Like anything in Octopus, you need to make a unique name for the role. Within the custom role page, you see all the roles listed and what actions they allow. By checking the checkbox, you enable those abilities for that role. I did a quick guestimate to see how many roles there were and I believe it’s around 60. So, there’s 60 roles you can enable/disable for any given team you want to assign permissions for. The wide variety of roles enables you to specifically target certain features within Octopus teams. So what roles or permissions would I select for our Tester deployer role? Figure 6 shows a portion of roles or permissions I’ve chosen what I want to allow or disallow.

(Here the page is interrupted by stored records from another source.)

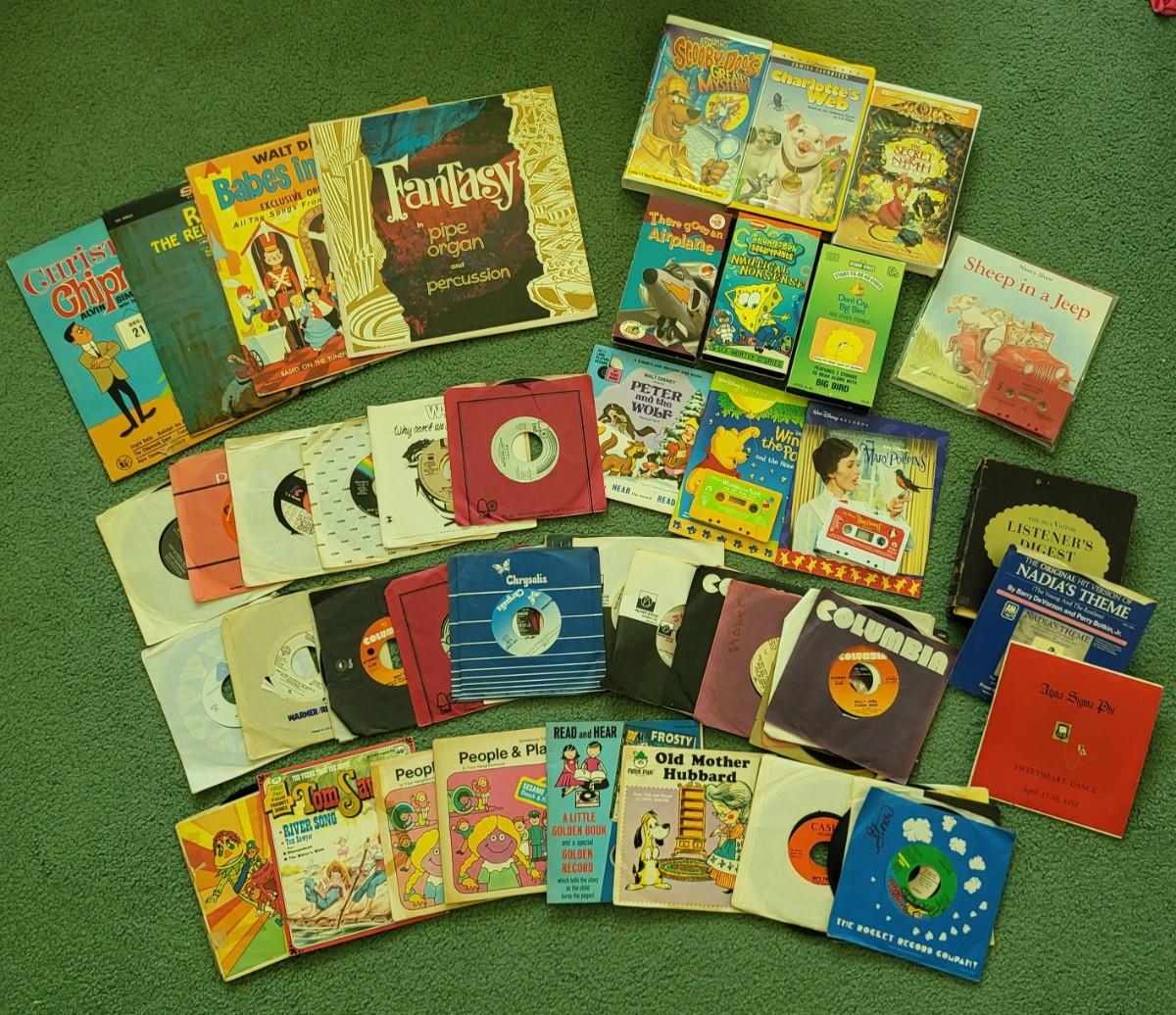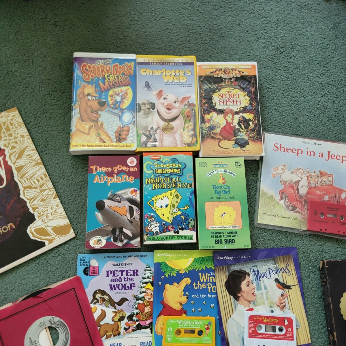 LOT 112L: Assorted Vintage Children VHS Tapes and Vinyl Records
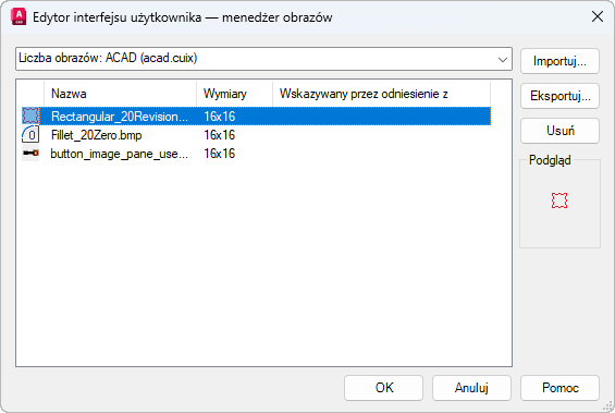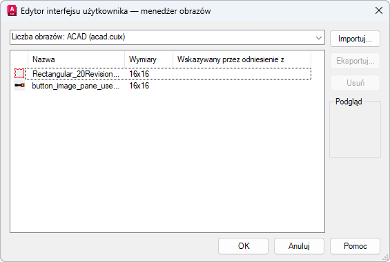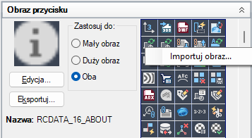 Obrazy niestandardowe dla poleceń można importować i eksportować.
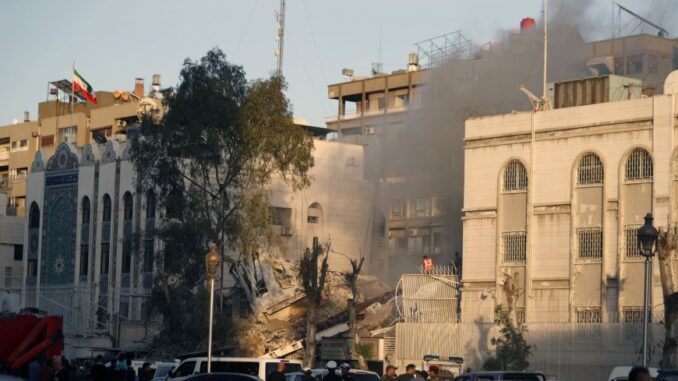 இஸ்ரேலின் F-35 போர் விமானங்கள் ஈரான் தூதரக கட்டிடத்தின் மீது 6 ஏவுகணைகளை வீசியதாக, சிரியாவுக்கான ஈரான் தூதர் ஹோசைன் அக்பரி கூறியுள்ளார். தாக்குதலில் சேதமடைந்த கட்டிடத்தின் இடிபாடுகளில் சிக்கியவர்களை மீட்கும் பணிகள் தற்போது நடைபெற்று வருவதாக தெரிவிக்கப்பட்டுள்ளது.
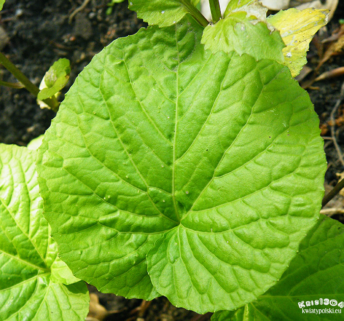 | LIŚCIE | Duże, zielone, okągławo-jajowate o brzegu falistym.
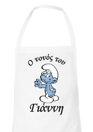 Λευκή ποδιά για το νονό ή τη νονά, εκτυπωμένη με θέμα "Στρουμφάκι". Γράψτε στα σχόλια μέσα στο καλάθι το όνομα του παιδιού σας.
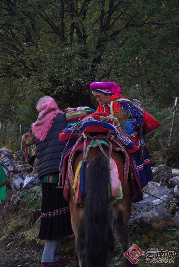尼汝村内,群众天地为幕载歌载舞,彩带鞍鞯扮靓骏马,用歌舞赞颂优良生态、美好生活,祭山跑马祈求来年五谷丰登、人畜兴旺。醉人秋景与尼汝少数民族风情相得益彰,构成一幅和美画卷。
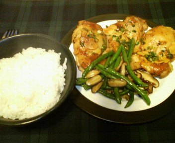 今日の夕食は「ガーリックペッパーチキンステーキ&いんげんとしいたけのバターソテー」。何かいきなりすごいことになってますが、前者はスーパーで買ってきたまんまです
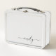 This is a standard metal lunchbox that appears to work just fine. We designed this box ourselves with an uploaded photo and custom text on the front and back. It looks absolutely beautiful except the front of the lunchbox is not centered like it shows in the photo. The print borders don't align with the inset flat part of the box where the preview photo online showed it perfectly centered in there. The back looks nice and centered though.
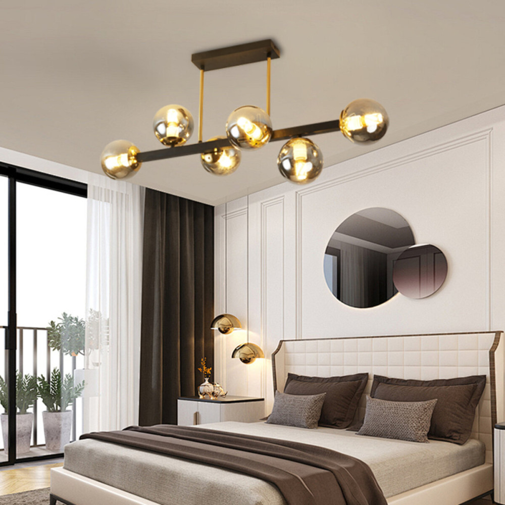 Шість круглих плафонів діаметром 130 мм у димчастому кольорі, люстра пропонує не тільки естетичний вигляд, а й високий рівень функціональності. Металевий каркас надає їй стійкості та надійності, гарантуючи тривалу службу.

So I’ve selected ReleaseCreate, ReleaseDelete, ReleaseEdit and ReleaseView as I want the testers to be able to deploy from the test environment to staging. Note how I did not select ProjectEdit. I don’t want testers to be able to modify anything. There are many roles that span different aspects of Octopus’s security levels. I didn’t show them all here, but I showed this to illustrate how customizing your roles is as easy as checking on or off checkboxes within the custom roles page. With this, you can concoct any combination of permissions into a unique role and apply it to your teams. I’ve repeated myself quite a few times but the best way to get the results you want is to experiment. Once you get accustomed to the rights and what it’s capable of, you’ll see that anything is possible – it just requires planning. If you’re not sure what permissions are being applied, on the “Teams” page in the upper right hand corner, you’ll see a “Test Permissions” link. That link will take you to a page as shown in Figure 7 where you can inspect all the permissions that are being applied to a user regardless of project or environment. It’s an invaluable tool to see what rights people have and while you’re tinkering with your configuration.

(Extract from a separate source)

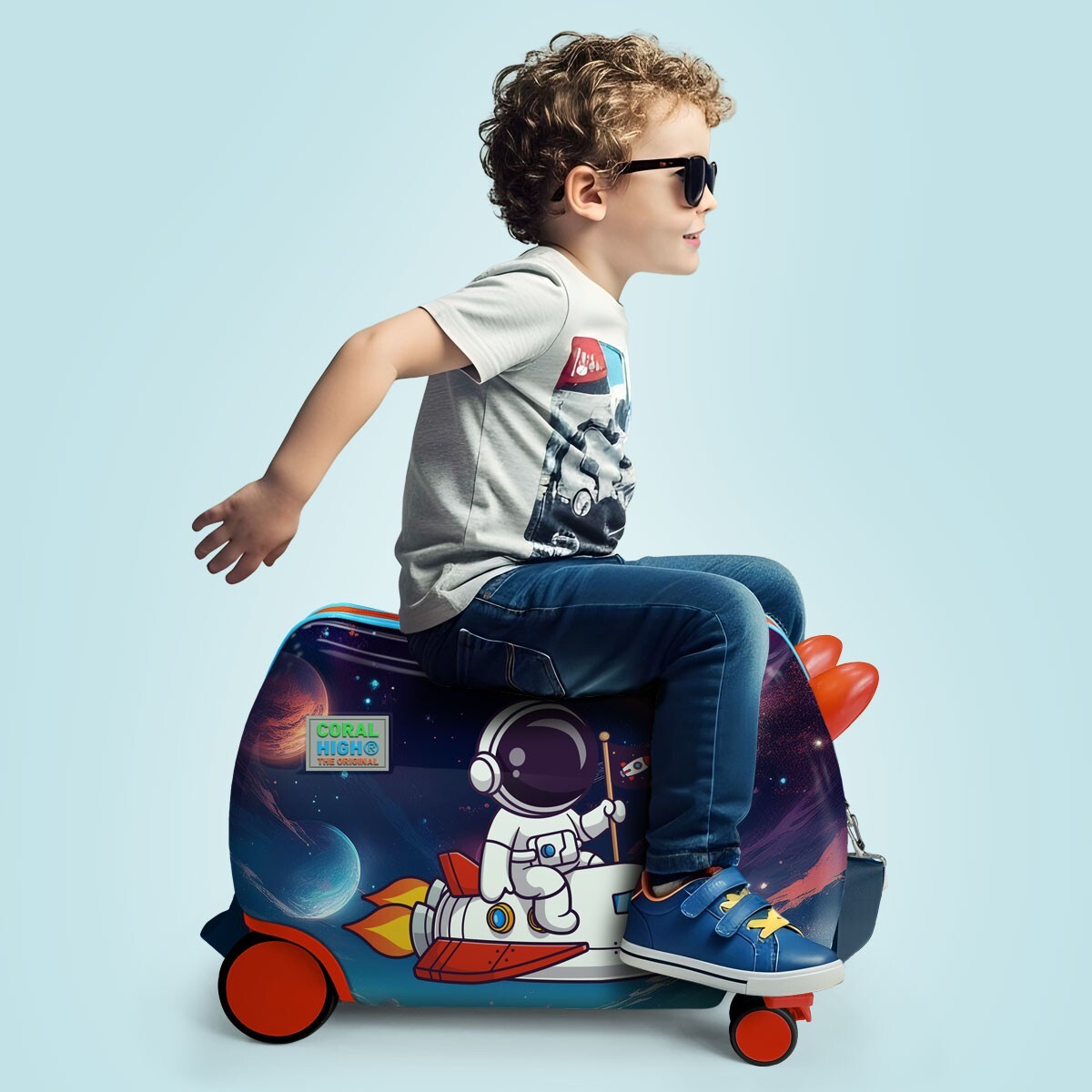 Coral High Kids Kırmızı Lacivert Astronot Desenli Otur-Çek Çocuk Valizi 16364

Here you can see my access in my octopus server that’s on Azure. This test permissions tool is used to see what projects and environments have access to which permissions for a particular user as entered up above. It’s invaluable tool while testing and finding permission mistakes for specific users. Since I’m an Octopus Administrator, you can see some of my permissions in Figure 8 below.
Our Octopus server (as of this writing) has over 70 project groups, over 100 projects, nearly 300 users and closing in on 400 teams. Yes, you read that correctly. 400 teams. Our current security model (in reference to the teams and relationships of all the roles/environments and projects) is complex and cumbersome to manage manually with 6 to 7 teams to represent one project. I say 6 to 7 because project teams have an option of having additional users as approvers (that are not developers) to their production environment but it’s by request only. Our security model is standardized and automated across all teams and it works beautifully.

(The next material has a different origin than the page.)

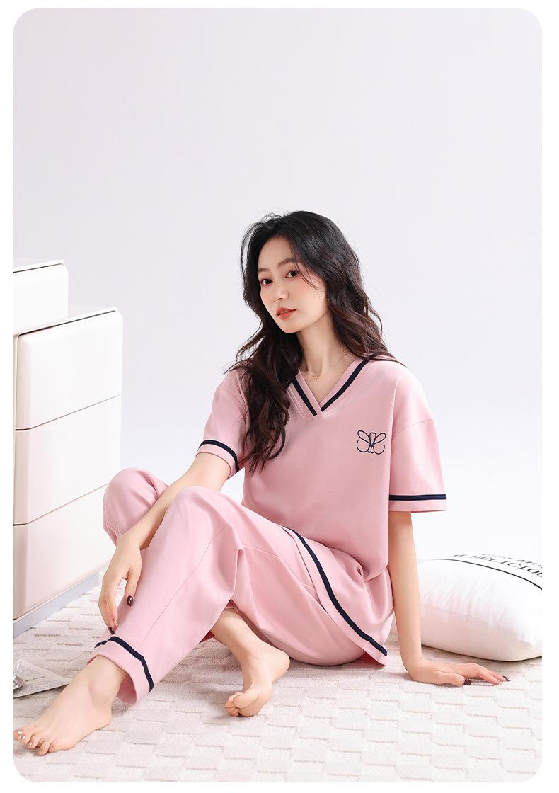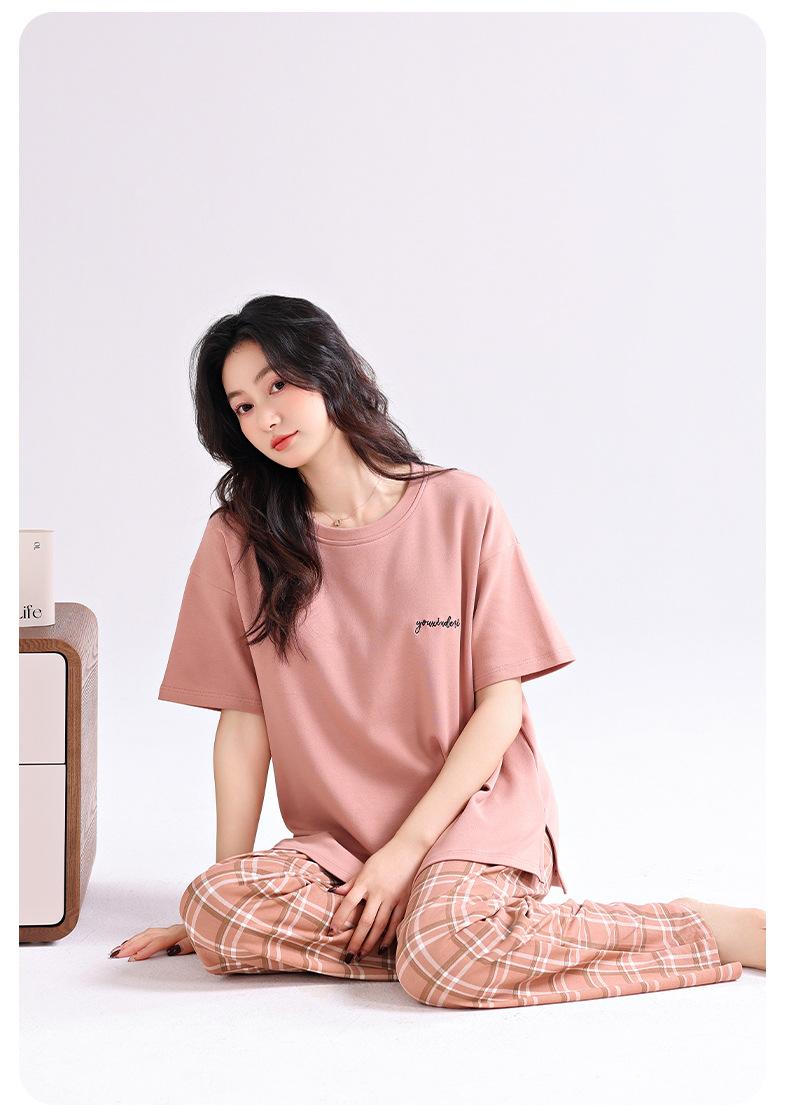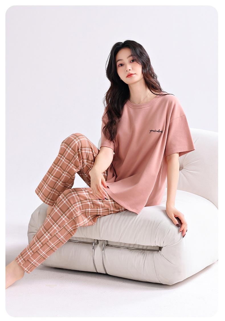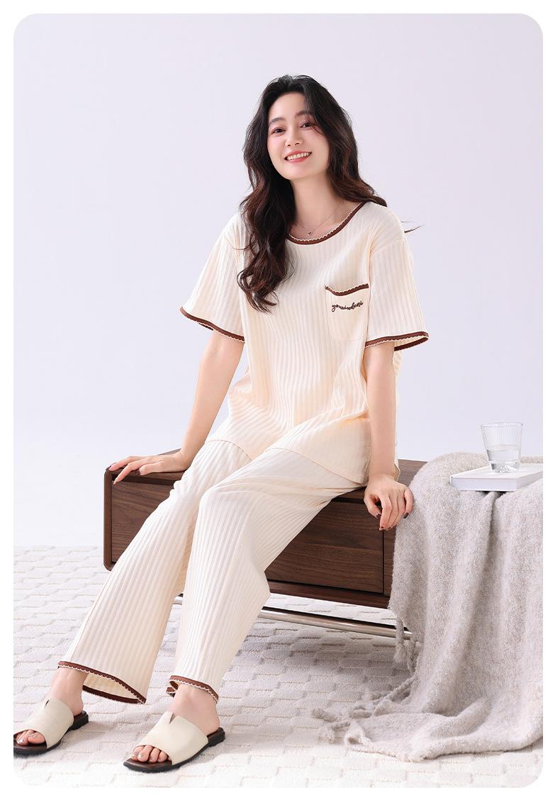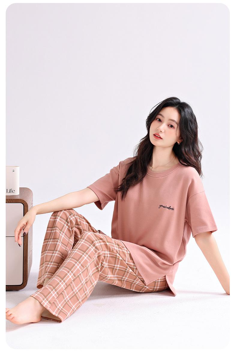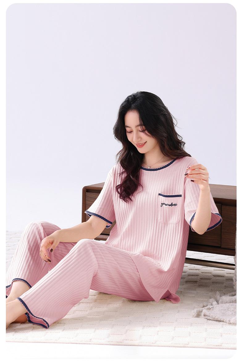 Pijamas para Mujer Verano 2025 Nuevo Algodón Puro con Almohadilla en el Pecho Verano Pantalones de Manga Corta Algodón Fino Conjunto de Ropa para el Hogar
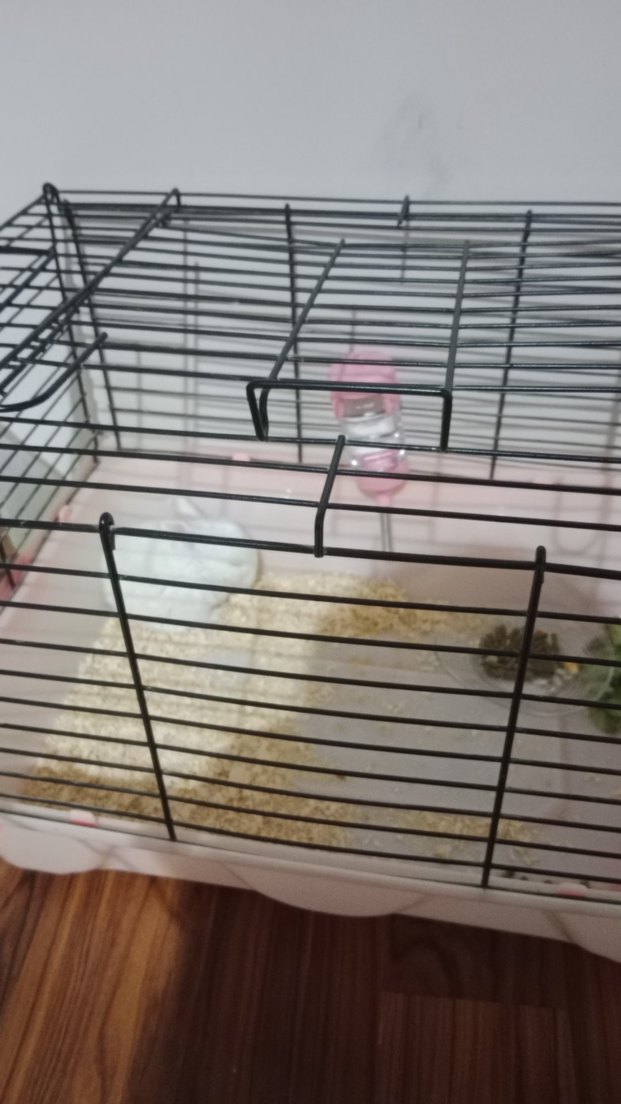Siyah metal tel çerçeveli, pembe küçük evcil hayvan kafesi ve su şişesi içerir.

We leverage Active Directory Groups used within TFS so user management for us is non-existent. If a team wants another user to have access within Octopus, all they need to do is add them into their own TFS Active Directory group and they automatically have login access to Octopus with all the necessary permissions ready to go. It took quite some time to hammer out a scheme where we tie TFS Active Directory groups to our teams within Octopus, but we’ve automated the provisioning process (I’ll follow up with this in another deep dive) and all teams are built using the same process and security model leading to very predictable and reliable permissions.
Today, we spend little to practically no time dealing with user management and permissions. It’s seldom an issue and Octopus’s architecture needs to get some credit. We’ve had to revise our model a few times as there were permissions we didn’t consider but at least we were able to adjust and automate after the fact. I’m not sure another product would have allowed us to create this security model inline with our business and auditing processes. Obviously, we heavily leverage the REST API within Octopus for all our automation and I think the API is a huge asset that sets Octopus apart. It makes automation and customization possible for any of your needs.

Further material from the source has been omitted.